# Feeding a Mystery Snail.



## colorxmexravyne (May 8, 2012)

Hi all! About a week ago, I got a mystery snail from petsmart. I originally went in for a Nerite, but one of the pet associates talked me into an "apple snail." As it turns out, I have a black mystery snail (with red/orange-ish spots) with a white shell, although it's kind of thin or something because you can see through it just a little?

But that's a different question for a different day. I just wanted know, *how much is "normal" for a mystery snail to eat? And what exactly do they eat*? I feel like mine, who still doesn't have a name and is just most often referred to as "my snail", barely eats. I've tried cucumber, spinach and algae wafers, but to no avail. Well, actually, (s?)he was too fond of cucumber. The first time I offered him spinach, he nibbled at it, but largely left the leaf alone. Also, he only ate a little bit of the algae wafer that I dropped in there the first time. He didn't touch it when I tried again. 

I keep reading all over the internet that most peoples snails love at least one of the three things mentioned. So, do I just have an incredibly picky snail or is something wrong here? :/

My snail shares a heated five gal tank with my betta Bandit. From what I've witnessed, they generally get along pretty well. The snail sleeps/is inactive during the day, but crawls all over everything at night. I've seen Bandit nip at the snail twice, both times at night, but I'm aware that doesn't mean he hasn't done it than that. 

Oh, and it may be beneficial to know that Bandit apparently likes the snail's algae wafers as well. I found out that he's quite the little piggy, so I had to start separating them at feeding time.

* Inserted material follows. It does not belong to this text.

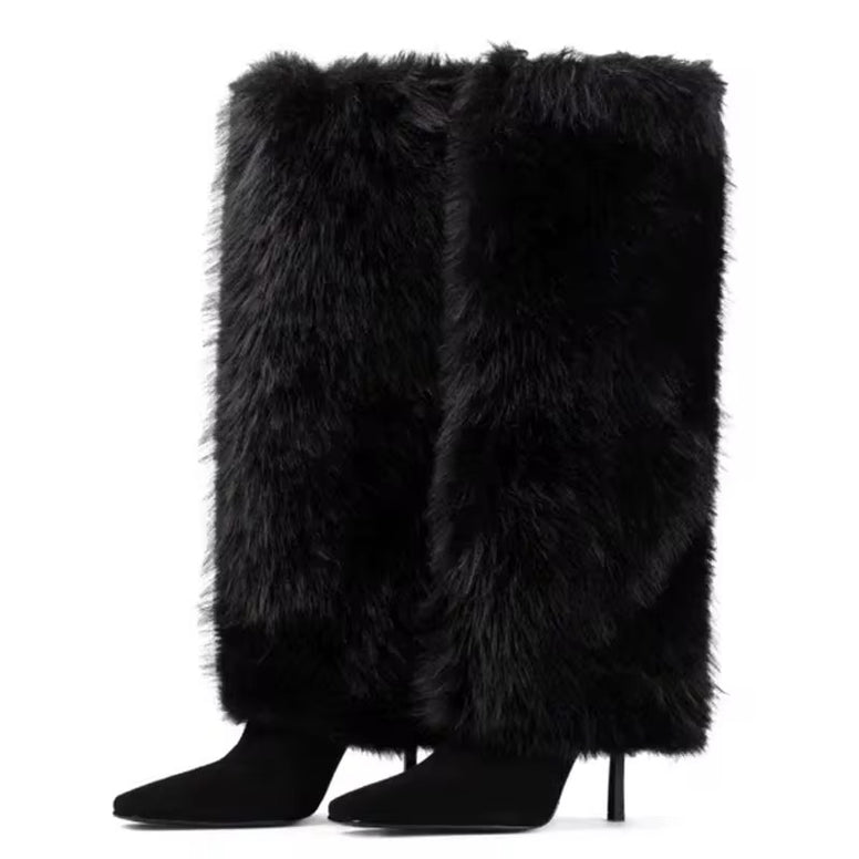 Fur Fantasy Knee-High Stiletto Boots

Thanks in advance to anyone that read all of this!


----------



## reggie oaks (Jul 22, 2012)

*Suggestion: first classify, then feed*

This diagram will help in the classification, since some apple snails prefer aquarium plants, and others [if not all] simply are scavengers that will clean glass and gravel of algae. If I remember well, green algae is their favorite. In my opinion, its really hard to underfeed an apple snail. This critter will always find something to eat at any tank, provided you make food go into your tank.


----------



## colorxmexravyne (May 8, 2012)

I'm 99 percent sure that I have a diffusa. Like I said, I originally went in for a nerite and came out with a mystery snail, so I had to educate myself on what exactly I was getting myself into. My snail has yet to touch any of the wisteria I have in my tank, so I think I'm right. I'll double check though. Thanks!


----------



## reggie oaks (Jul 22, 2012)

Ok, you gave me an idea. I will make an album in my site with pics of my apple snail. Hopefully it will be uploaded in a few minutes. You can visit and compare yours with the pictures I have.


----------



## colorxmexravyne (May 8, 2012)

alright. 

edit: i just looked at them and honestly? it's hard to tell, haha. i mean, i suppose they look the same except for the obvious color difference and that yours looks bigger than mine. though i'm not sure if it's because it actually is or because of the way they're cropped.


----------



## reggie oaks (Jul 22, 2012)

*It's done- Apple snail pics*

http://www.bettafish.com/album.php?albumid=4229


----------



## reggie oaks (Jul 22, 2012)

*Approx. size of AN*



colorxmexravyne said:


> alright.
> 
> edit: i just looked at them and honestly? it's hard to tell, haha. i mean, i suppose they look the same except for the obvious color difference and that yours looks bigger than mine. though i'm not sure if it's because it actually is or because of the way they're cropped.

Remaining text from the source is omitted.